Computational and experimental study on the cation distribution of La–Cu substituted barium hexaferrites

The total energies and forces of the Ba0.5La0.5Fe11.5Cu0.5O19 structure were calculated using the density functional theory (DFT) and generalized gradient approximation (GGA). The calculations demonstrated that at 0 K, the magnetic ions Cu2+ preferentially occupy Fe3+ at the 4f2(0) and 4f2(1) configurations. For the site occupancy at the higher temperature (0–1500 K, except 0 K), we computed the formation probability of twenty inequivalent configurations using the Maxwell–Boltzmann statistical distribution. Correspondingly, the Cu2+ ions prefer to enter the 4f2 and 2b sites, especially close to lanthanum layer. In order to confirm the computational conclusions, La–Cu substituted barium hexaferrites with the chemical formula of Ba1−xLaxFe12−xCuxO19 (x = 0.0, 0.1, 0.3, and 0.5), prepared by a conventional ceramic method, were investigated by the Raman spectra and Rietveld refinement of X-ray diffraction patterns (XRD).

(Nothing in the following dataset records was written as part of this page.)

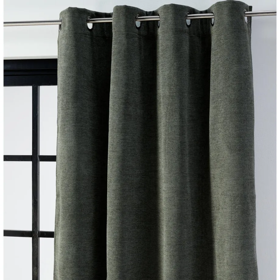Verduisterend kant en klaar gordijn Laurens Groen heeft een grove geweven structuur aan de voorkant. De zachte voering aan de achterkant van dit gordijn werkt dubbel isolerend, zowel tegen de warmte als tegen de kou. Het gordijn is gemaakt van 100% polyester en heeft een chenille effect. Chenille geeft de gordijnstof een mooie glans en een zacht gevoel. Ideaal voor in de woon- of slaapkamer, een plek waar het overdag sfeervol en in de avond donker moet zijn in huis. Tevens heeft het gordijn een geluiddempende werking voor een aangename akoestiek. Het gordijn is kant en klaar en voorzien van ringen.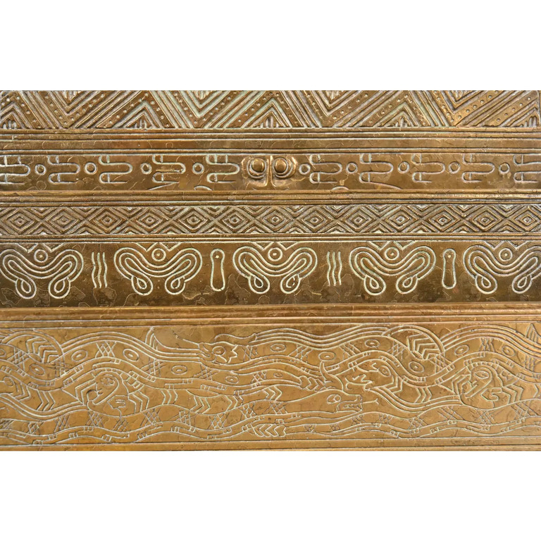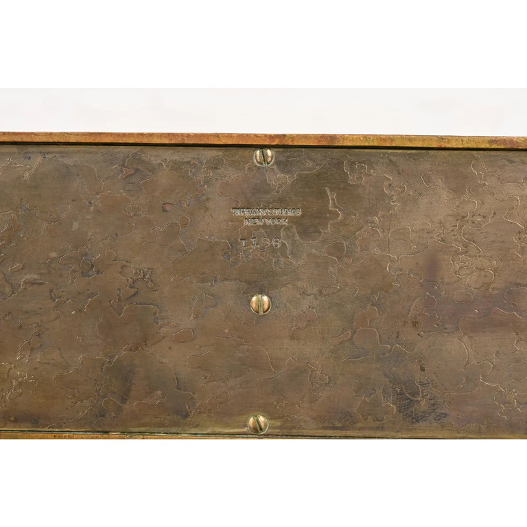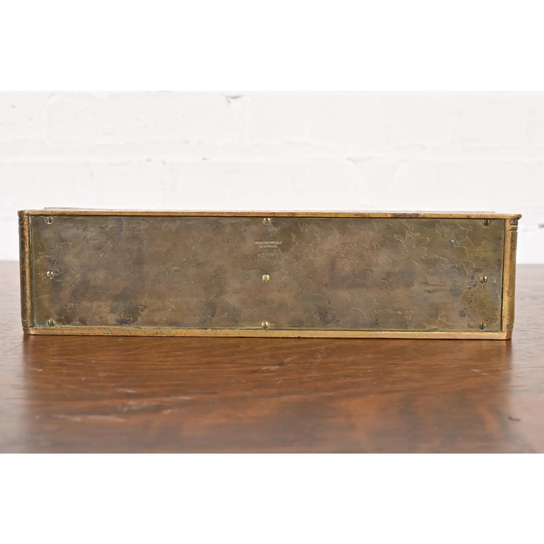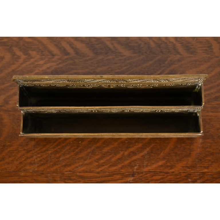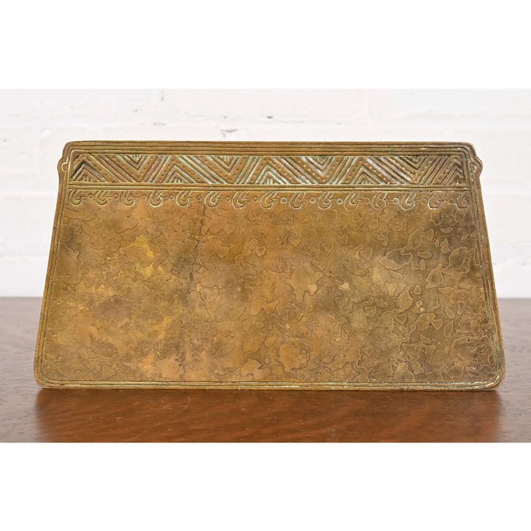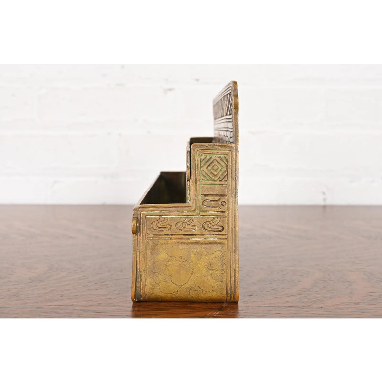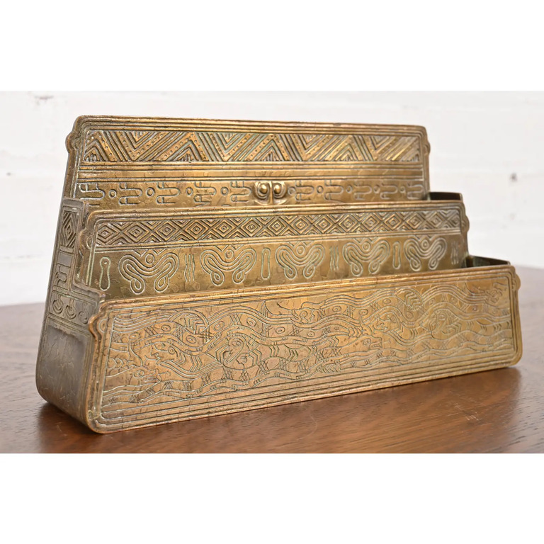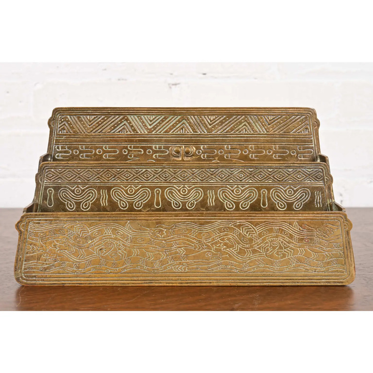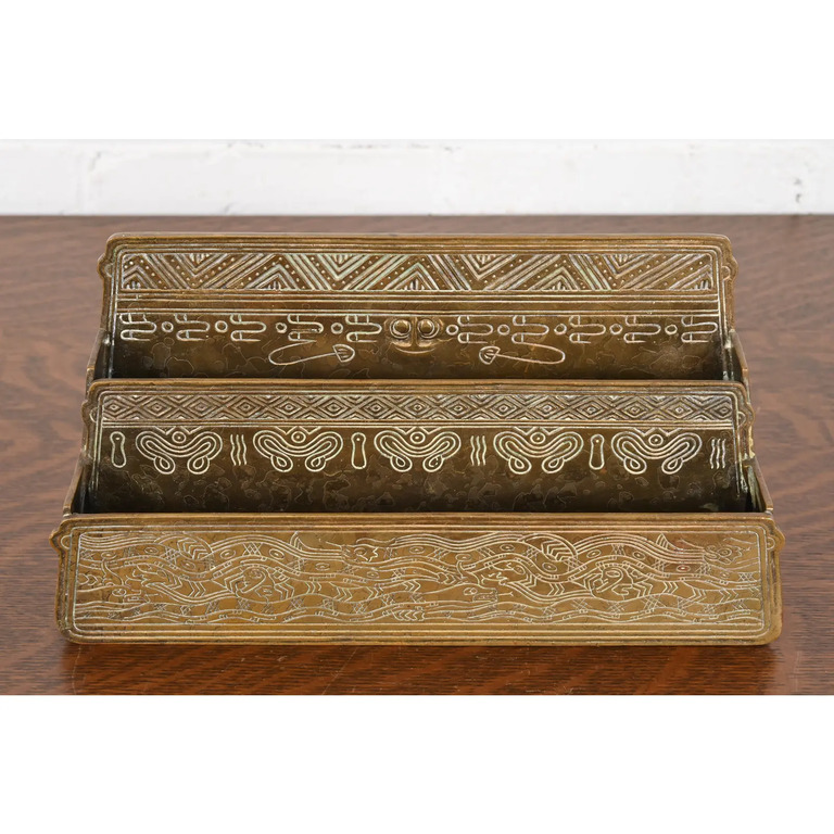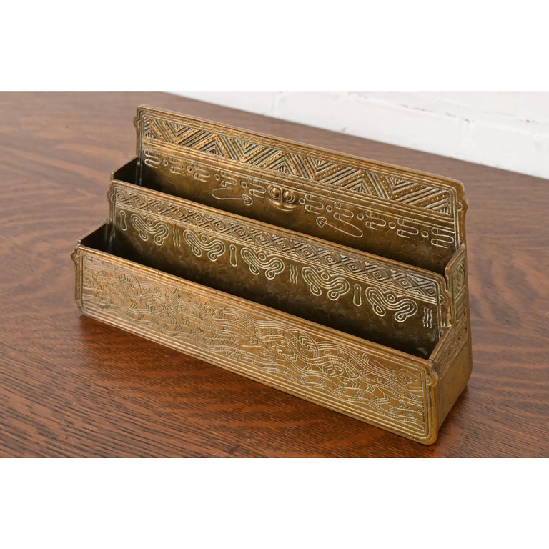 A gorgeous antique Arts & Crafts or Art Deco period gilt bronze “American Indian” pattern desk letter holder rack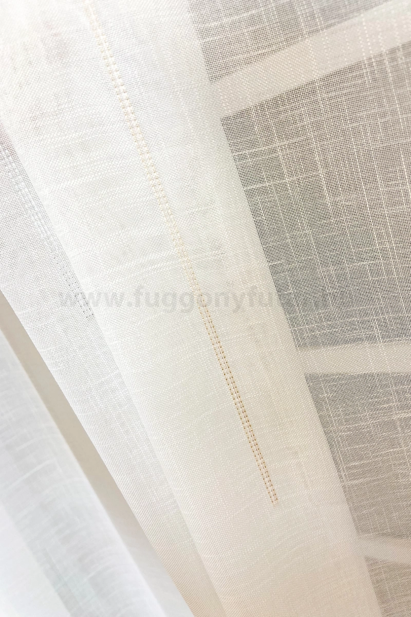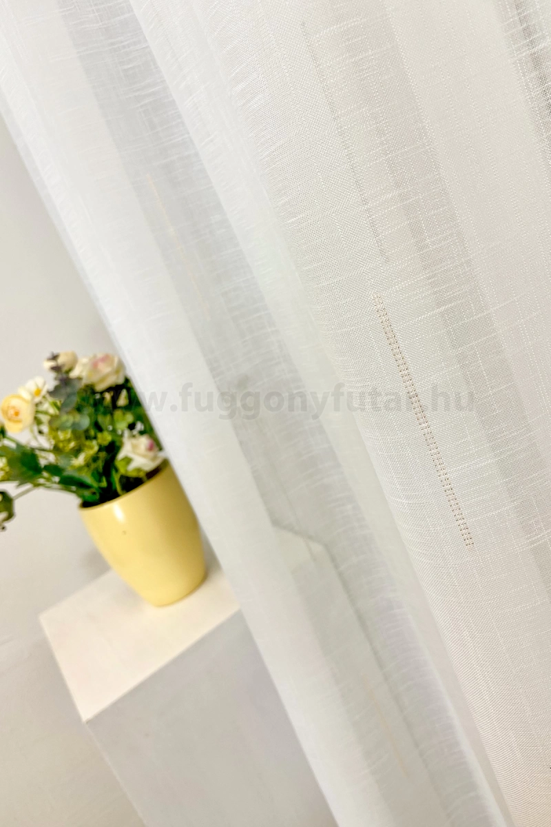 Modern lakásokba javasoljuk ezt az elszórt mintákkal díszített függönyt. Az erősebb szálú, ekrü színű sablet alapon nagyon szépen mutatnak a bele szövött, nyírt, fényes bronz és ezüst függőleges csíkok, melyek erősítik a függöny tartását is. Kímélő mosás után helyére akasztva szárítható, gőzölős vasalóval simítható.A függőleges csíkok izgalmassá teszik a teret Az ilyen függőleges csíkozású anyagokhoz válasszunk egyszínű, szórt vagy virágmintás sötétítőt. Ez a mintázat optikailag nyújtja a teret. Semleges és elegáns szürke A szürke semleges és elegáns. Stabilitást képvisel. Bármely élénk színnel jól kombinálható, de azt ne vigyük túlzásba. A szürke színű fényáteresztő függönyökhöz általában a narancs, sötétkék, bordó, lila és szürke színű sötétítő és dekorfüggönyök illenek legjobban.Ez a függöny többféle lakberendezési stílushoz is jól illeszthető Ez a függöny több lakberendezési irányzathoz is tökéletesen illeszkedik – legyen szó a minimál letisztultságról vagy a skandináv egyszerűségről. Anyaga diszkréten simul bele a térbe, miközben kiemeli a helyiség hangulatát. Ideális választás, ha olyan textilt keresünk, amely rugalmasan alkalmazkodik a meglévő bútorokhoz és kiegészítőkhöz.Anyaga: sablé Változó vastagságú szálakból szőtt anyag. Kevésbé hajlamos a gyűrődésre , mint a voile. 1.5x-es ráncolással ajánljuk.Terasz ajtókhoz, nagyobb ablakok függönyözéséhez jól használható A karnistól a felső szegéshez szükséges anyagot beleszámítva legfeljebb 298 cm hosszú függönyt lehet belőle varrni, ez alatt bármilyen méretben elkészítjük. Méreténél fogva alkalmas lehet terasz- és erkélyajtók, nagy belmagasságú helyiségek valamint normál ablakok függönyözésére is. A függöny aljába gyárilag varrt ólomzsinór megfelelő esést kölcsönöz a függönynek, megakadályozza az indokolatlan fellebbenést és az apróbb ráncokat is kisimítja.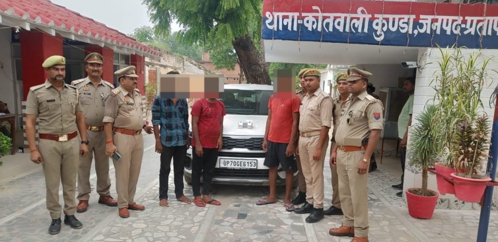 कुंडा प्रतापगढ़। अपहरण के तीन आरोपियों को पुलिस ने गिरफ्तार करके जेल के सलाखों के पीछे पहुंचा दिया। तीनों आरोपियों के पास से ₹145000 नगद तथा अपहरण के समय उपयोग में लाई गई कार भी बरामद हुई है। प्रभारी निरीक्षक कमलेश कुमार पाल को एक बड़ी कामयाबी हासिल हुई है जहां अपहरण के 3 अभियुक्त को पुलिस ने गिरफ्तार करने में सफलता पाई है। पकड़े गए अभियुक्त सोनू उर्फ संजय सरोज पुत्र रामसुमेर निवासी शेखपुर थाना कुण्डा दूसरा अभियुक्त दीपू उर्फ जितेन्द्र कुमार विश्वकर्मा पुत्र संतोष कुमार निवासी मोहद्दीनगर थाना हथिगवाँ तथा तीसरा आरोपी अभिषेक कुमार विश्वकर्मा उर्फ बउआ पुत्र तेज प्रकाश निवासी गिरधरपुर गढ़ी थाना सैनी, जनपद कौशाम्बी को मुखबिर की  सूचना पर कुण्डा के बिहार रोड भदरी मोड के पास गिरफ्तार किया है। घटना से संबंधित शेष 02 अभियुक्तों को चिन्हित कर लिया गया है। उन दो अभियुक्तों की भी गिरफ्तारी की पुलिस प्रयास कर रही है। गिरफ्तार अभियुक्त सोनू उर्फ संजय सरोज ने पूछताछ में बताया कि मैनें एक व्यक्ति को 25 लाख रुपये पेट्रोल पम्प खुलवाने हेतु दिया था। जिसने मेरे साथ धोखाधडी किया है। इसी कारण अब मेरे ऊपर काफी कर्जा हो गया है। जिसकी भरपाई करने के लिए मुझे यह कदम उठाना पड़ा है। अपहृत बालक की पहले ही बरामदगी हो चुकी है। मेरे पास पैसा कमाने का कोई अन्य साधन नहीं था। जिससे हमने अपने दोस्तों के साथ मिलकर एक व्यक्ति के बच्चे की अपहरण की योजना बनाकर पैसा मांगने के उद्देश्य से घटना कारित की थी।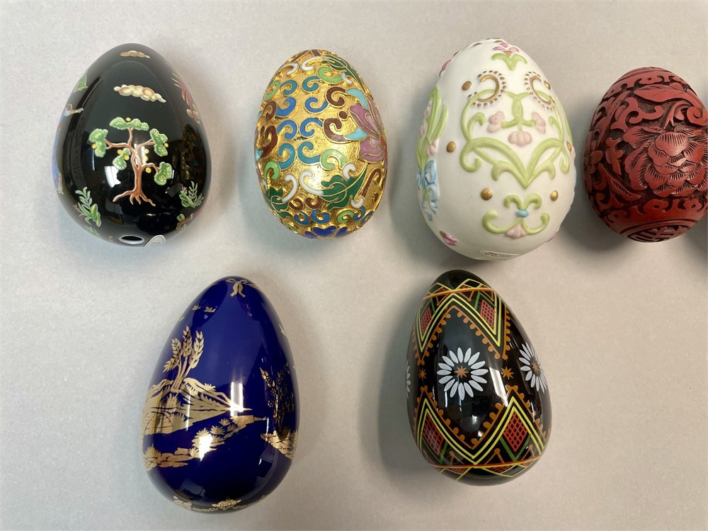 This series was issued by Franklin Mint, intended to showcase the worldwide variety of collectible eggs.  This lot has 9 different ones: crystal, cloisonne, cinnabar style, Wedgwood style, others.  Good condition.

The experiments revealed that the Cu2+ ions are partitioned at the 2b and 4f2 sites in the ratio of around 1:2. [Display omitted] •Twenty inequivalent configurations of Cu occupying Fe were calculated by DFT.•Formation probability of Cu was computed by Maxwell–Boltzmann statistical distribution.•Ba1−xLaxFe12−xCuxO19 samples were prepared by a conventional ceramic method.•The Cu2+ preferentially replace Fe3+ at the 4f2(0) and 4f2(1) configurations.•The ratio of Cu occupying Fe at the 2b and 4f2 sites is approximately 1:2.